HOUSTON (May 11, 2007) -- The identification of more than 200 new proteins that interact with the mutated protein that causes Huntington's disease opens the door to developing treatments for the fatal neurodegenerative disorder, said a Baylor College of Medicine researcher who took part in the work that appears online today in the journal Public Library of Science Genetics.
BCM scientists actually determined which proteins among the list of more than 200 identified at Buck Institute modify the effect of the Huntington's protein. The Buck Institute is located in Novato, California.
Huntington's disease is a devastating, fatal neurological disorder that affects an estimated 30,000 Americans. It is dominantly inherited, which means that if a person inherits a single copy of the gene from a parent, that person will develop the disease - usually in middle age. Children born to parents who go on to develop Huntington's disease have a 50:50 chance of having the disease themselves. Musician Woody Guthrie was among its best known sufferers.
"Many of the proteins that interact with Huntington's are modulators of its toxicity," said Dr. Juan Botas, associate professor of molecular and human genetics at BCM and a senior author of the paper. "This could also be a way to look for and identify factors that modulate a number of proteins involved in other neurodegenerative disease."
Modulating means that the interacting protein affects the deadly symptoms caused by Huntington's, he said. Some of the interactive proteins might cause a person to develop the disease later; others could actually make the symptoms appear earlier or to be more severe.
"When you tinker with some of these genes, you find that some of them improve the symptoms.
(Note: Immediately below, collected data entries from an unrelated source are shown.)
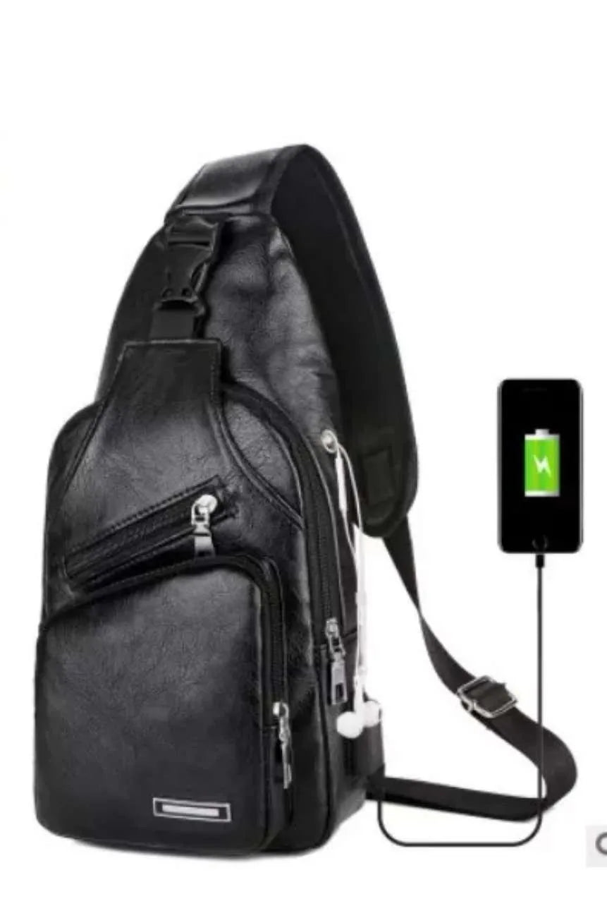 Men’s PU Leather Chest Bag – Casual Solid Color USB Charging Crossbody Bag
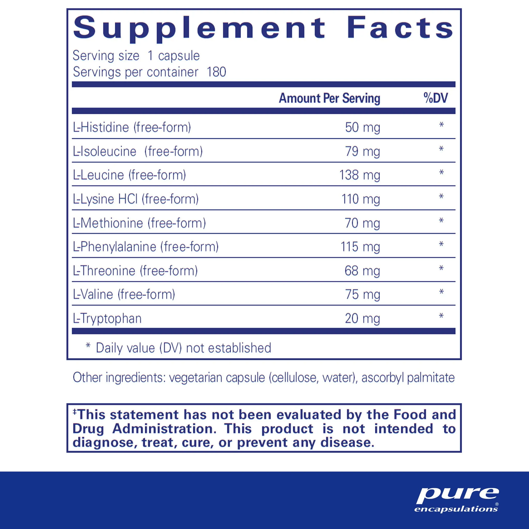 l-histidine (free-form), l-isoleucine (free-form), l-leucine (free-form), l-lysine HCl (free-form), l-methionine (free-form), l-phenylalanine (free-form), l-threonine (free-form), l-valine (free-form), l-tryptophan, vegetarian capsule (cellulose, water), ascorbyl palmitate
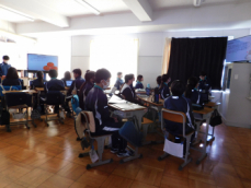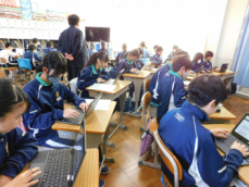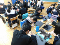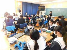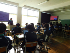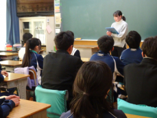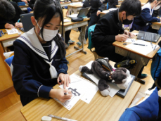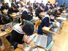 2年生は、浜松をPRする「願いを込めた手ぬぐいづくり」です。浜松は餃子やウナギだけじゃないぞ!と、浜松の良いところをたくさん見付けてデザインしました。
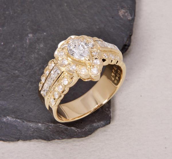 リング自体は小ぶりですが、ペアシェープのダイアが
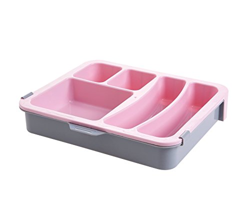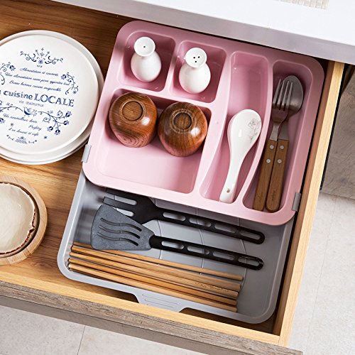 Astra Gourmet Expandable Flatware Drawer Organizer/Plastic Cutlery Tray/Kitchen Utensil Drawer Organizer/Storage Container Holder, Pink
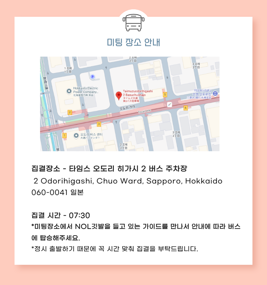 대기 없이 정시 출발입니다. 미팅 시각에 맞춰 늦지 않게 나와주시기 바랍니다. 지각으로 인한 미탑승 시 환불 불가하오니 꼭 늦지않게 미팅장소에 도착하시길 바랍니다.
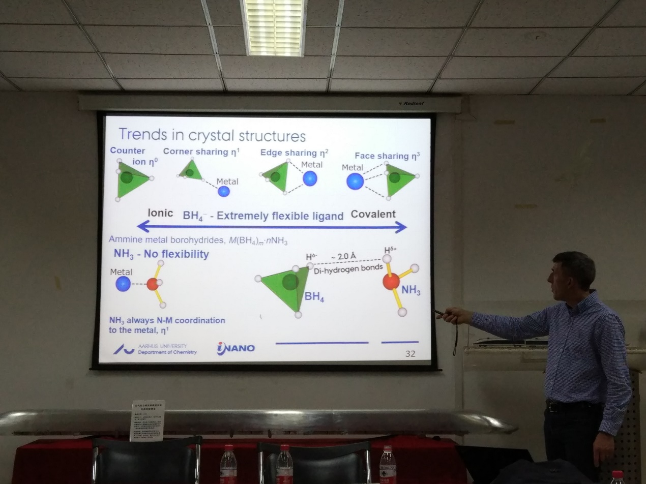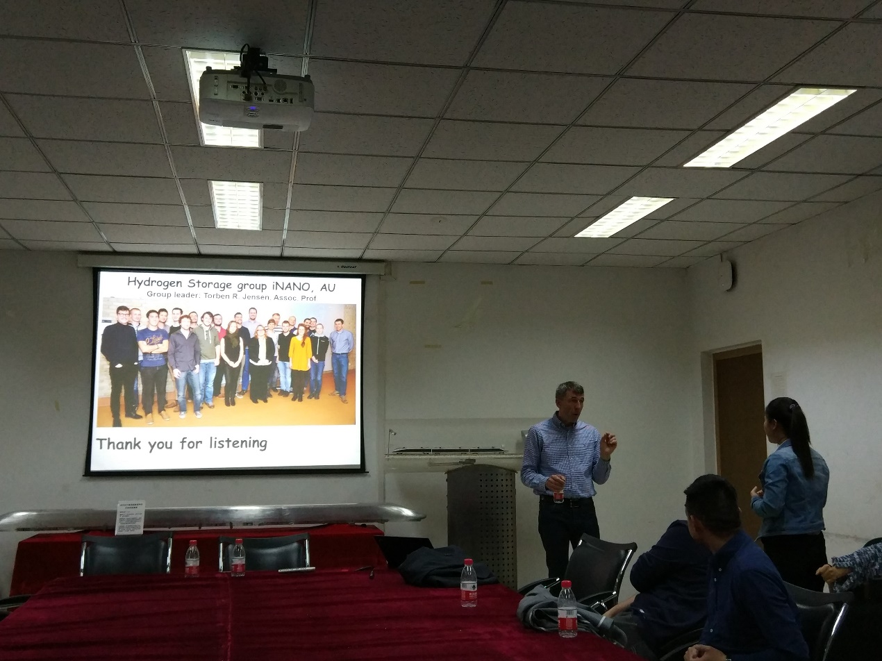 本次报告由公司教师张瑜研究员主持,吸引了全院众多师生到场聆听。TorbenR. Jensen教授的报告题目为“Hydrides for Multi-FunctionalEnergy Storage Applications”。Torben教授首先对奥尔胡斯大学科学与技术公司的整体状况进行了简短的介绍,使同学们对该校有了一个全面的认识,随后对自己在多功能储能材料的科研工作进行了详细的介绍。他先简单介绍了氢能源,被认为是一个潜在的非常有趣的能量载体,它可以促进可再生能源分布不均的有效利用。此外,氢具有非常有趣的化学性质,并且与周期表中的大多数元素以及各种不同类型的键形成化合物。金属氢化物最近变得非常有趣,是新型的电池和储氢能源材料。随后,他讲述了他们研究小组在新的含氢材料的最新成果。主要包括新型金属硼氢化合物的合成和其储氢性质和离子导体的研究;通过形成共晶熔融体系调整材料性能;以及原位粉末X射线衍射研究氢的释放和吸收反应。
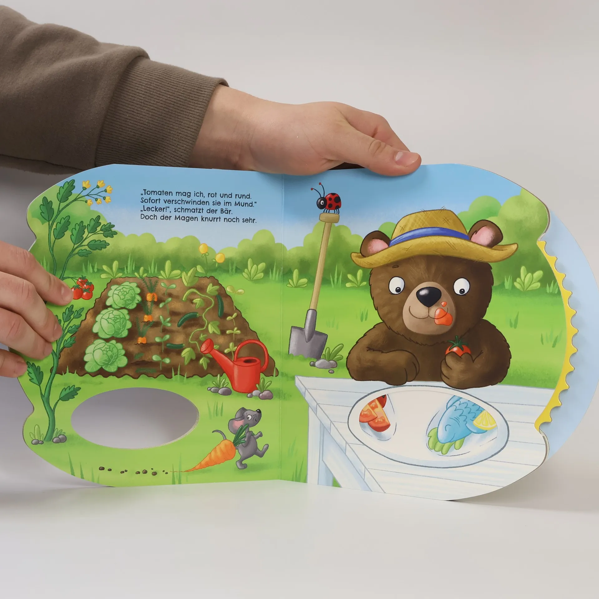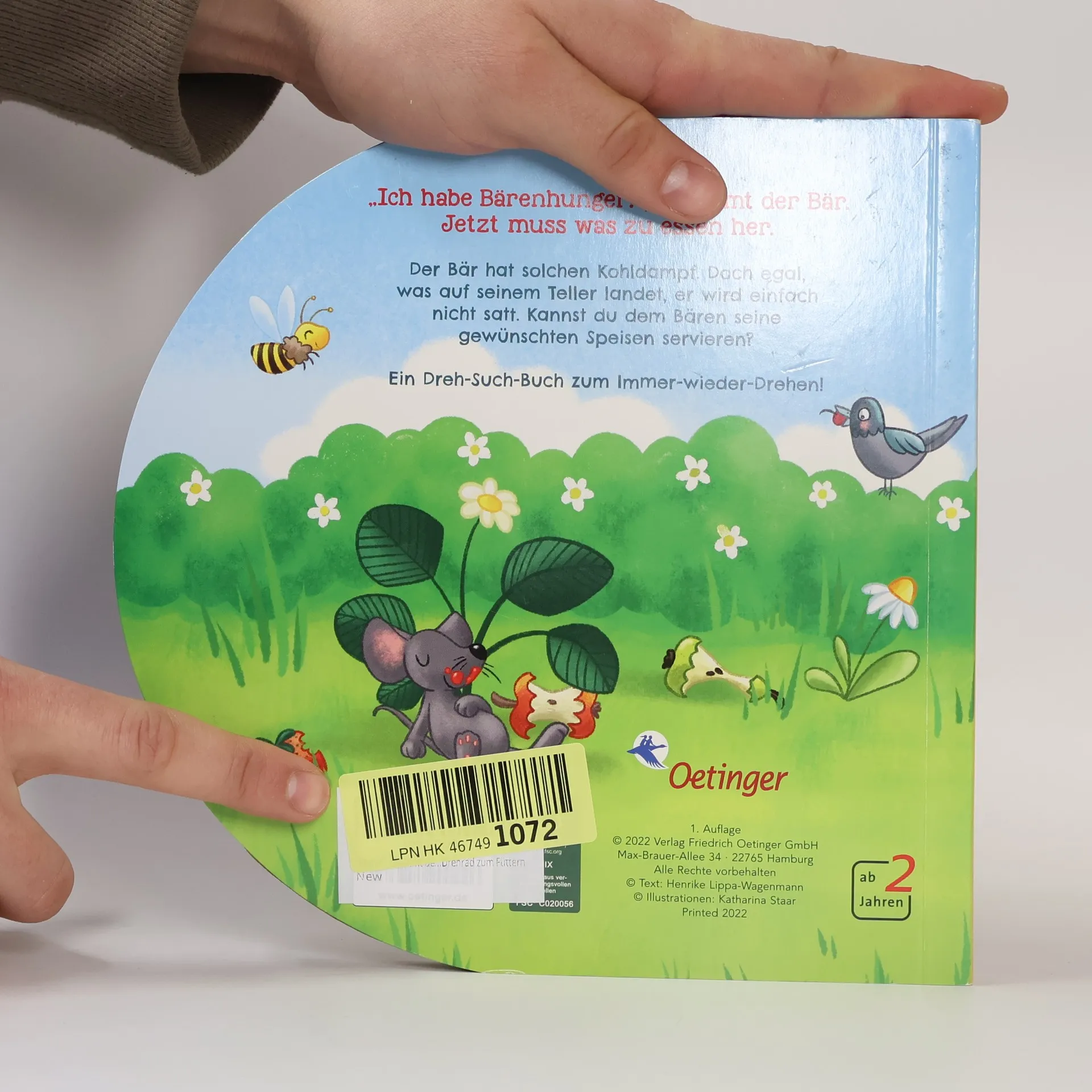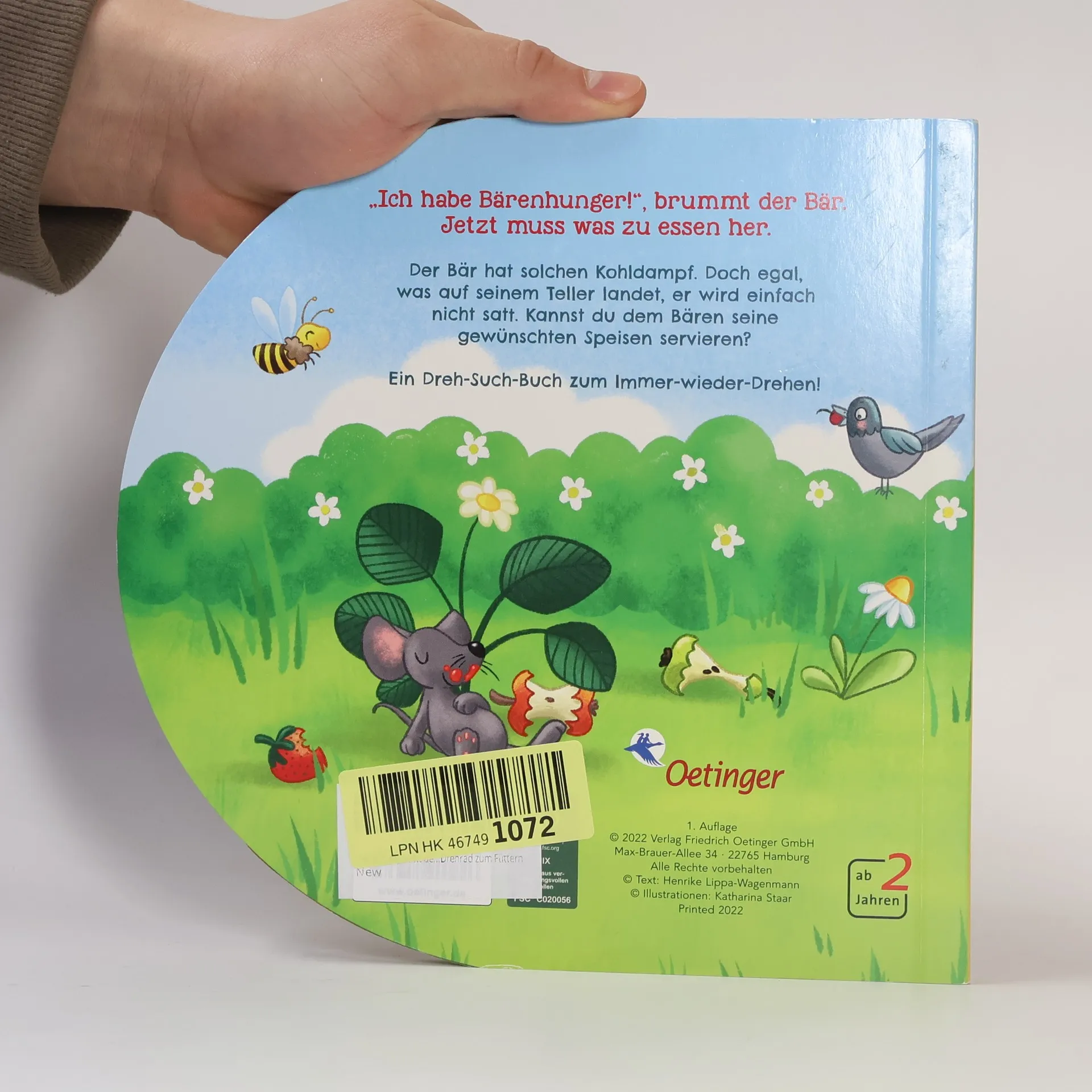 In "Mehr!, brummt der Bär" von Henrike Lippa-Wagenmann erleben Kinder ab 2 Jahren ein interaktives Abenteuer mit einem hungrigen Bären. Das Buch bietet ein Drehrad, das die Motorik und Kreativität fördert, und begeistert mit liebevollen Reimen sowie wunderschönen Illustrationen. Ideal für Vorlese- und Spielzeiten.
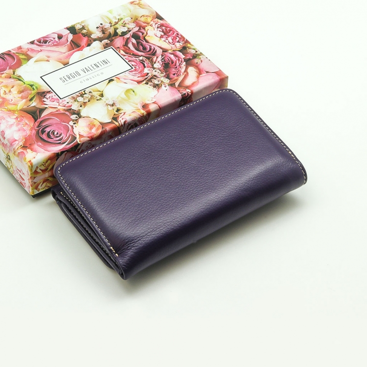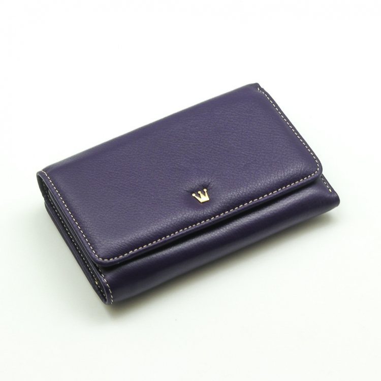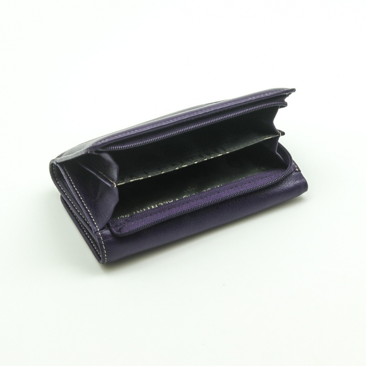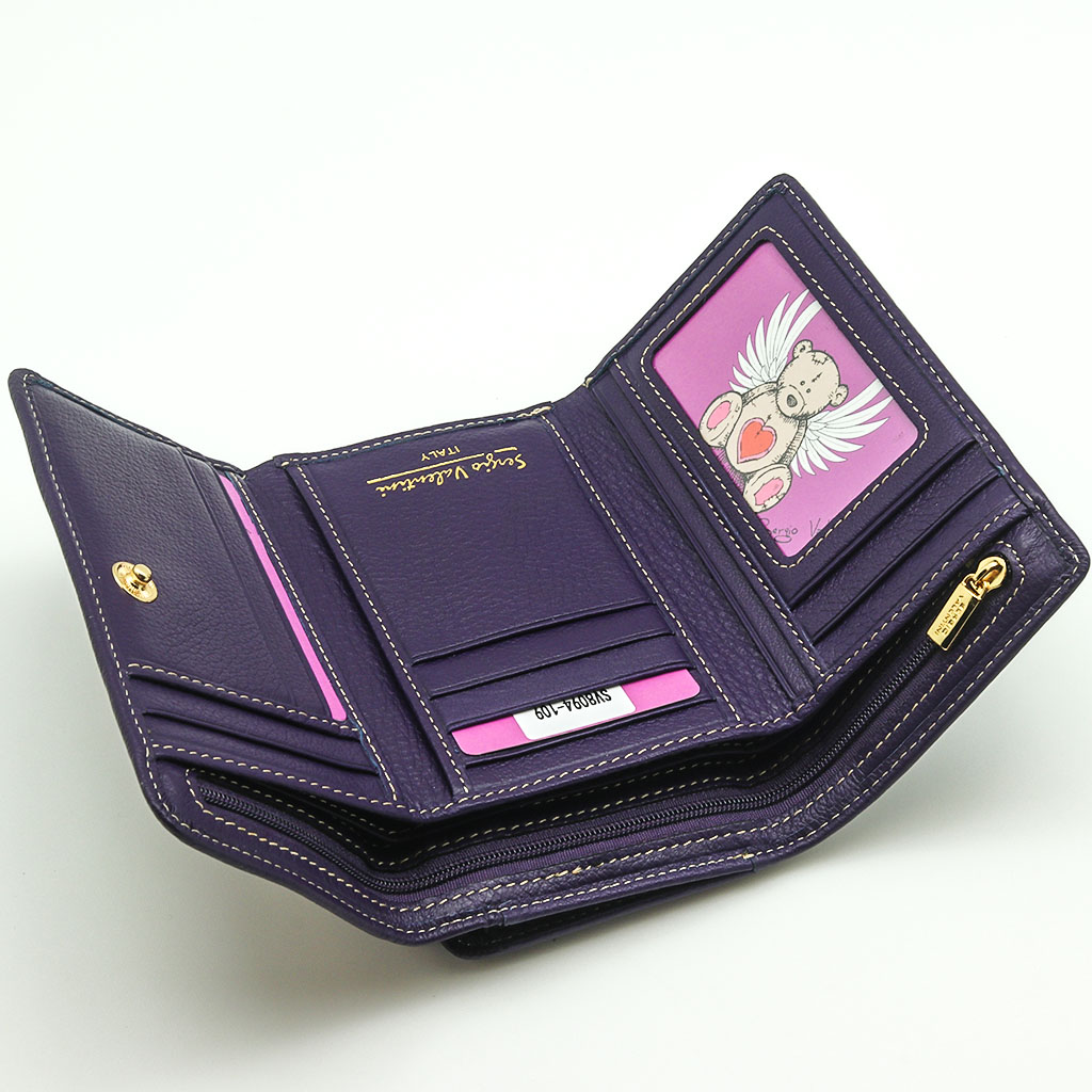 Размер 14 х 9 см. Закрывается на кнопку. Внутри - три отделения для купюр (одно на молнии), девять кармашков для пластиковых карт, четыре боковых кармана, прозрачное окошко для фотографии. Снаружи - отделение для монет на молнии
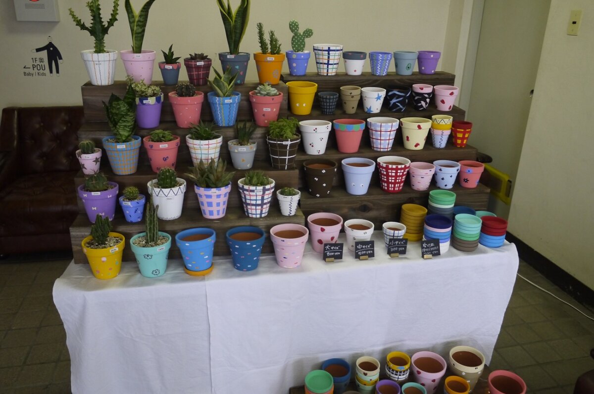訪問した時は入ってすぐのエントランスでこんなポップアップが開催されてましたよ、素焼きの鉢植えにオリジナルペイントを施したこちらはあおいろPOTさんの作品。植物大好きでそれに似合う可愛い鉢が欲しいなら自分で作ろう! という事らしいですよ、なんと作家さんはまだ中学生と若いのに精力的に活動してますねいい時代だ、それを支援してる親御さんも暖かい。
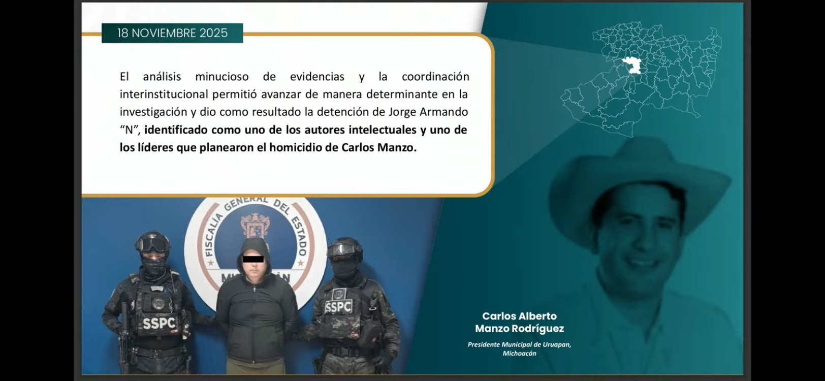 El Gabinete de Seguridad del Gobierno Federal informó este miércoles sobre la detención de Jorge Armando “N”, identificado por las autoridades como uno de los presuntos autores intelectuales del homicidio de Carlos Manzo, quien fuera presidente municipal de Uruapan, Michoacán.

These could be potential therapeutic targets," said Botas. "When you tinker with others, it makes the Huntington's more aggressive. These might be ones that accelerate the age of disease onset. Not everyone with Huntington's develops symptoms at the same age."
Botas and his colleagues used a fruit fly model of Huntington's to test the proteins' effects.
The sheer number of proteins identified could open the door to more studies farther down the line, he said.
EMBARGOED UNTIL MAY 10, 2007, at 8 p.m. EDT
Others who took part in this research include: Drs. Eliana Romero and Guang-Ho Cha of BCM, Robert Hughes, and Lisa Ellerby of the Buck Institute, Andrew Strand, and James Olson from the Fred Hutchinson Cancer Research Center in Seattle; and Linda Kaltenbach, Sudhir Sahasrabudhe, Cornelia Kurschner, and John M. Peltier of Prolexys Pharmaceuticals in Salt Lake City.
Funding for this research came from the HighQ Foundation, CCHI Inc, the Hereditary Disease Foundation and National Institutes of Health.